(WHAT TO WORK ON) From the line holding "Suzy Contrast Collar" through the line holding "AHM yqwl5518气质简约时尚减龄显瘦优雅国风衬衫 商品图3" below, write out every line exactly; include both of those lines and drop the pictures.

(DATA FOR ANALYSIS)
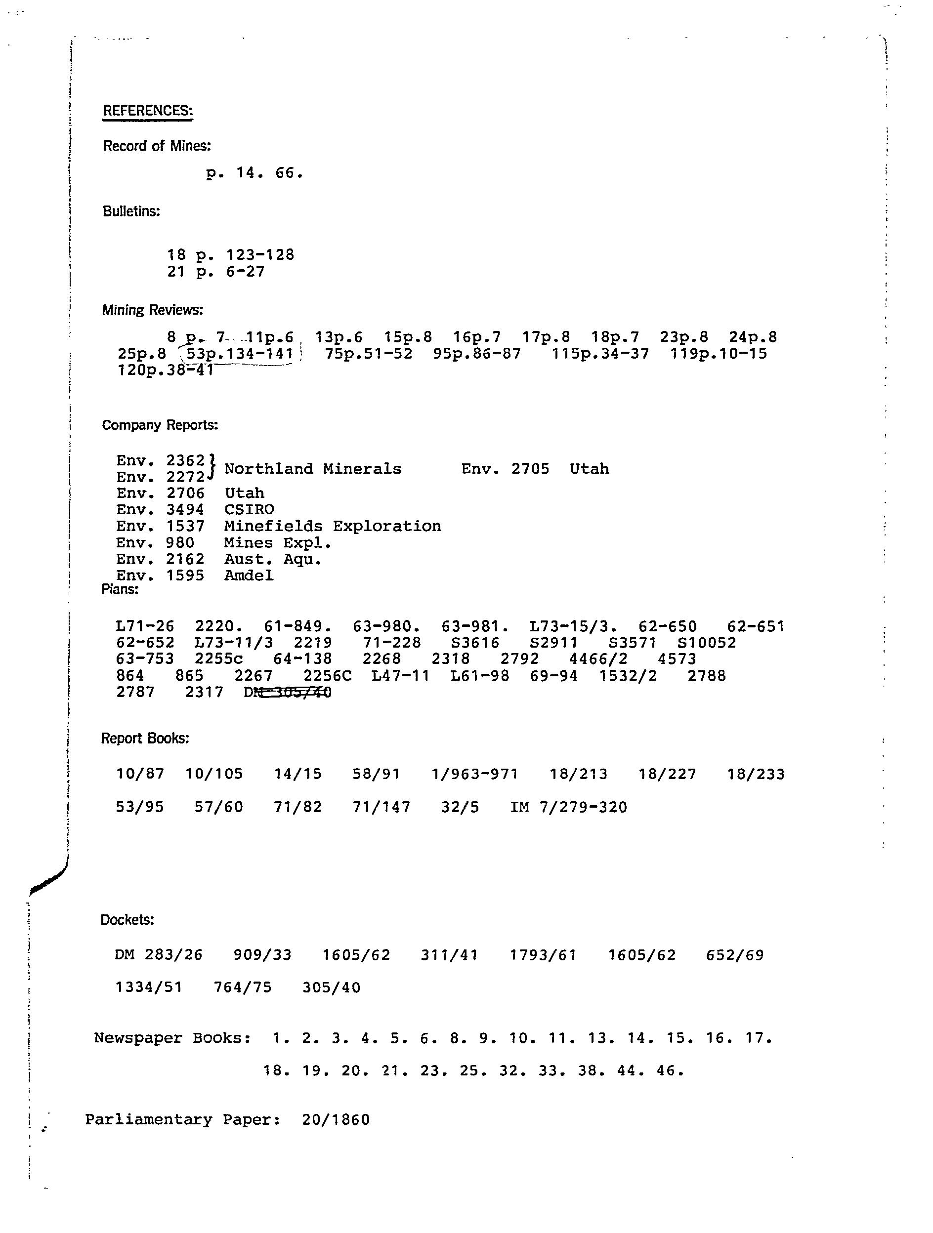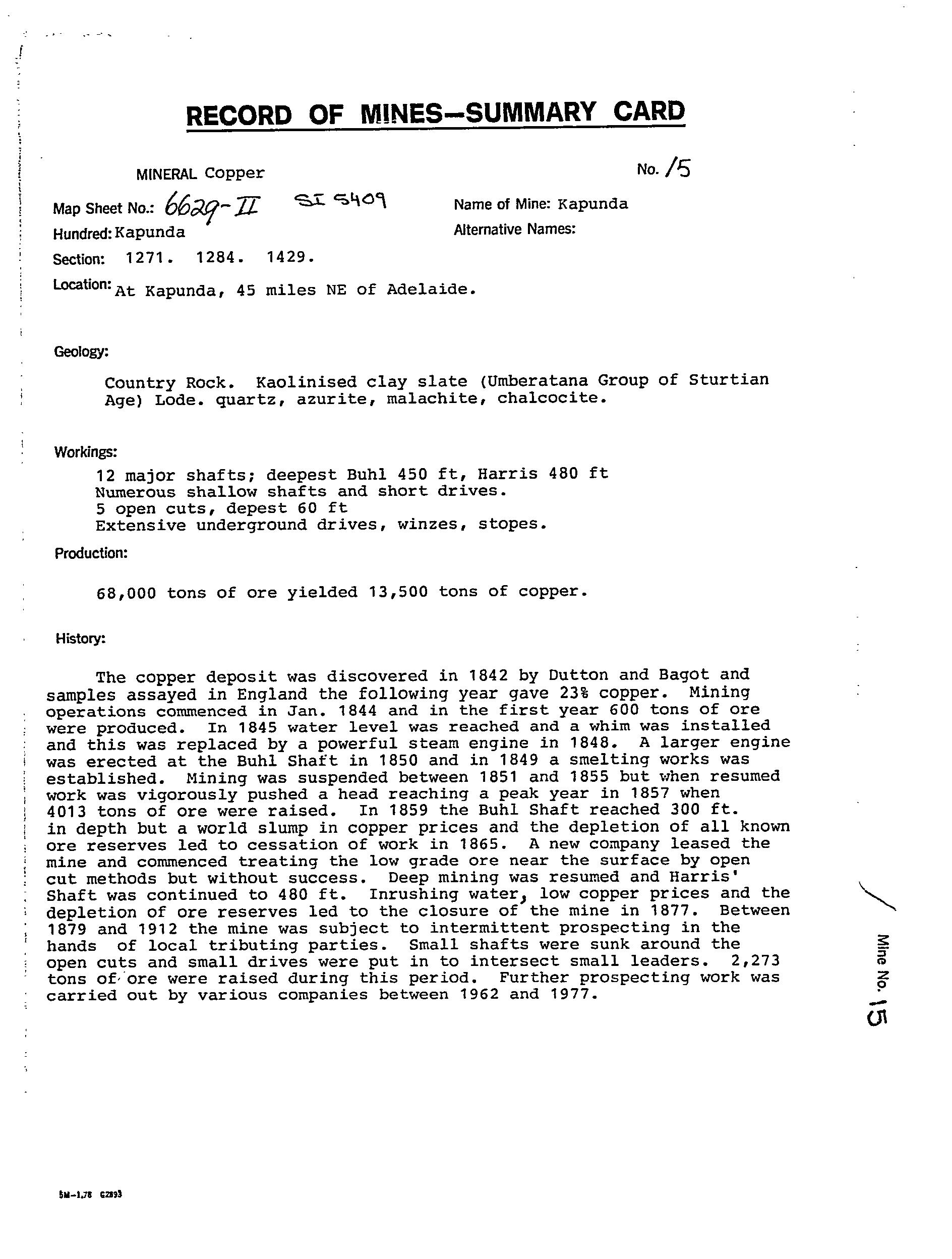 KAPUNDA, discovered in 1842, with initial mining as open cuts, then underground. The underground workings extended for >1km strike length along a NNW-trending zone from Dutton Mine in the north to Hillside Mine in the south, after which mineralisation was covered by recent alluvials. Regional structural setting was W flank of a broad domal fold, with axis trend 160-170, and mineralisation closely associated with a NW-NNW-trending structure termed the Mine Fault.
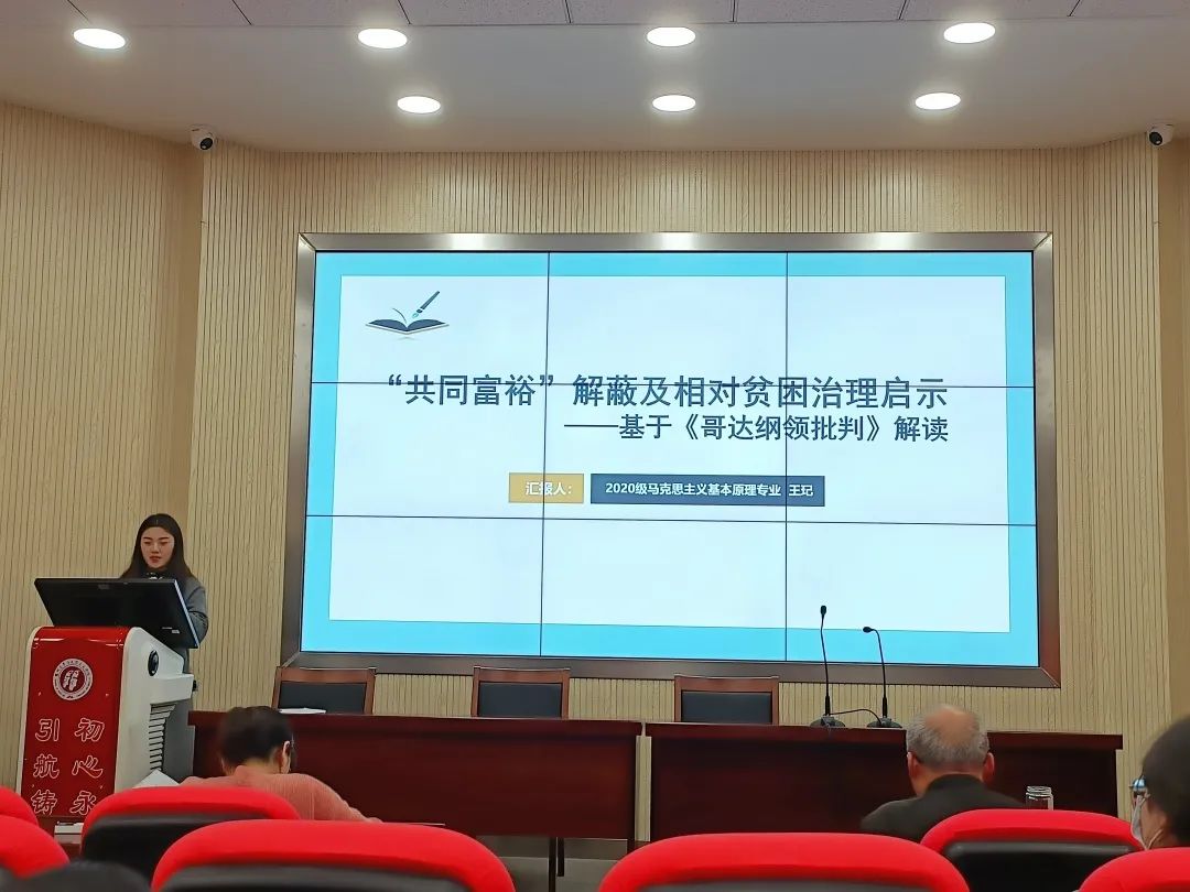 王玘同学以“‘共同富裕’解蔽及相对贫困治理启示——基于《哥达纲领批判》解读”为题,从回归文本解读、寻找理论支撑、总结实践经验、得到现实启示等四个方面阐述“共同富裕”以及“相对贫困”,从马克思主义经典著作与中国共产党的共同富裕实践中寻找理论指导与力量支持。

...

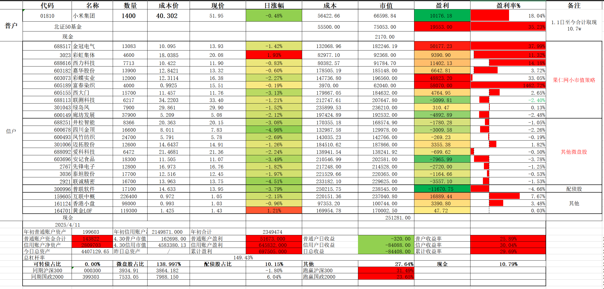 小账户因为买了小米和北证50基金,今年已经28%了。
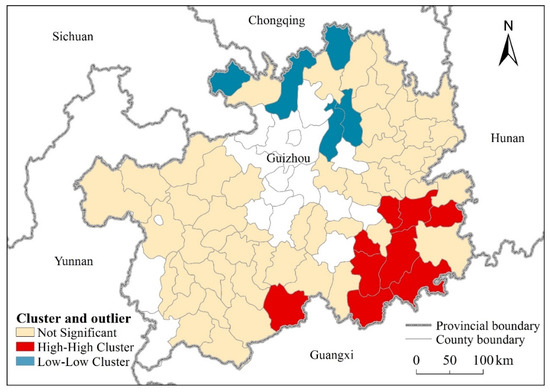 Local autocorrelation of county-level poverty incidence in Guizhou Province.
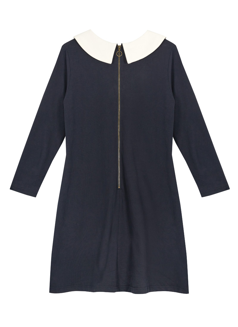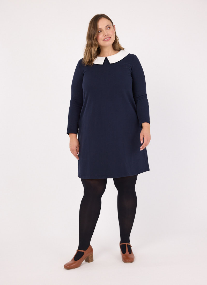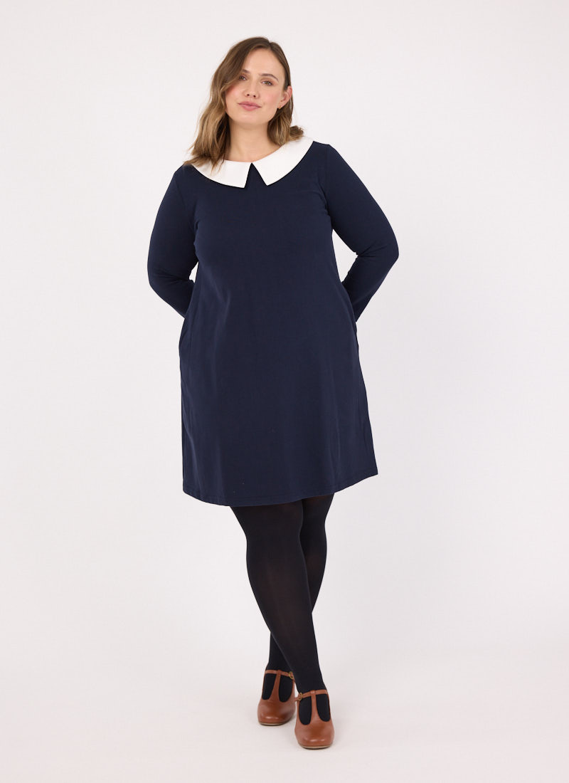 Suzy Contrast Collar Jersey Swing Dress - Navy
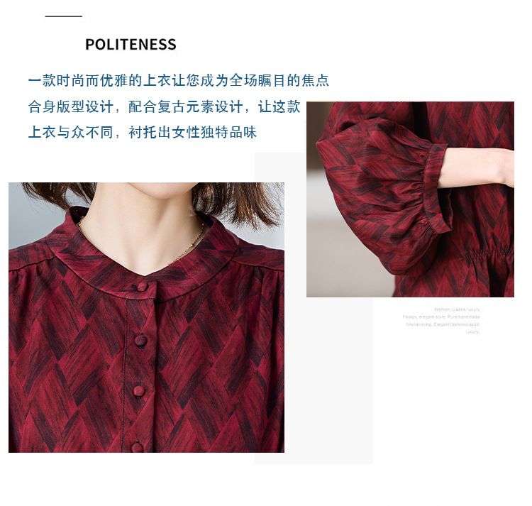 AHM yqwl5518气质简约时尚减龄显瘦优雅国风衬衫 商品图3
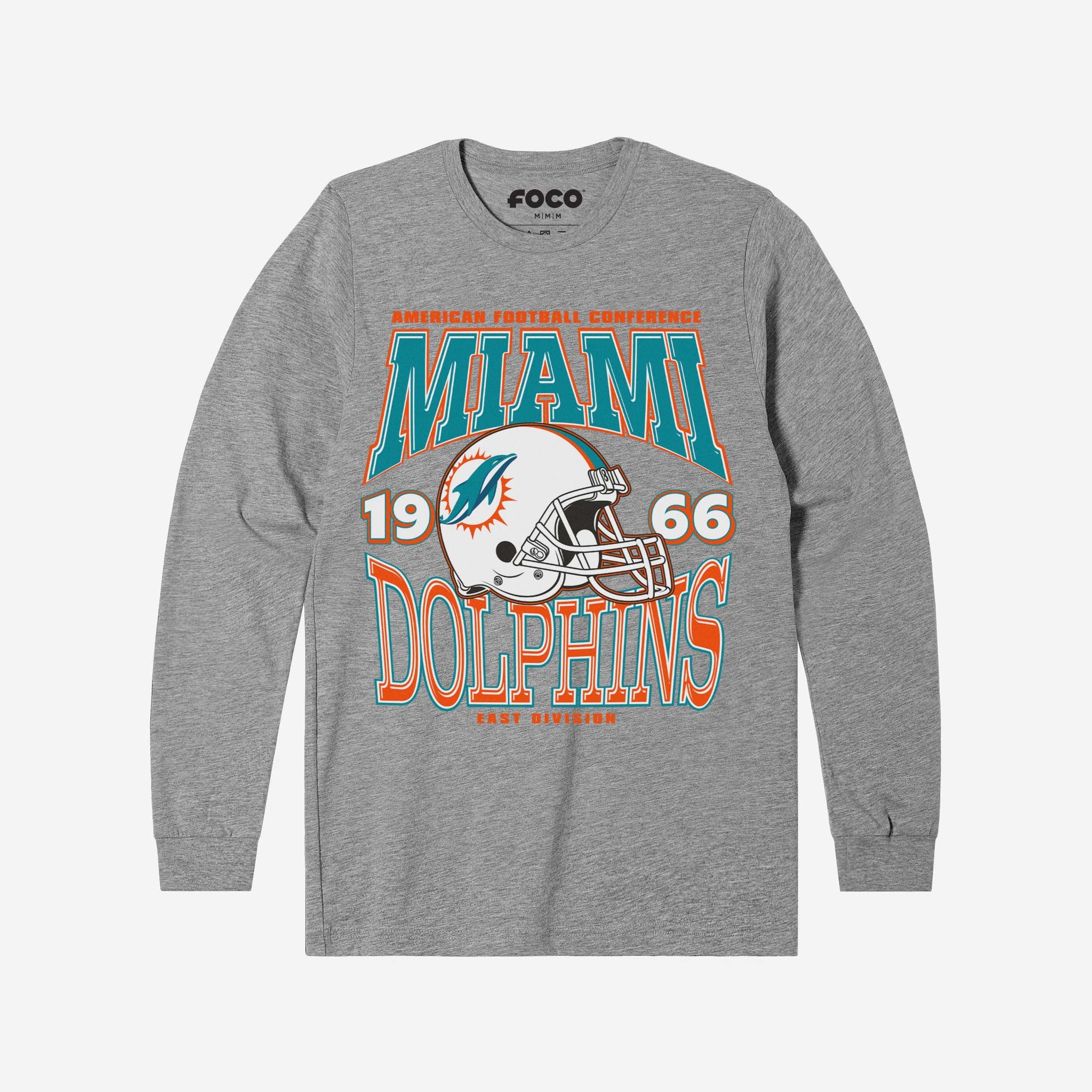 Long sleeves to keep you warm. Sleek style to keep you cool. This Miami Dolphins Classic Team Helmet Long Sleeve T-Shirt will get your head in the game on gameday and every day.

(RESPONSE)
 Suzy Contrast Collar Jersey Swing Dress - Navy
 AHM yqwl5518气质简约时尚减龄显瘦优雅国风衬衫 商品图3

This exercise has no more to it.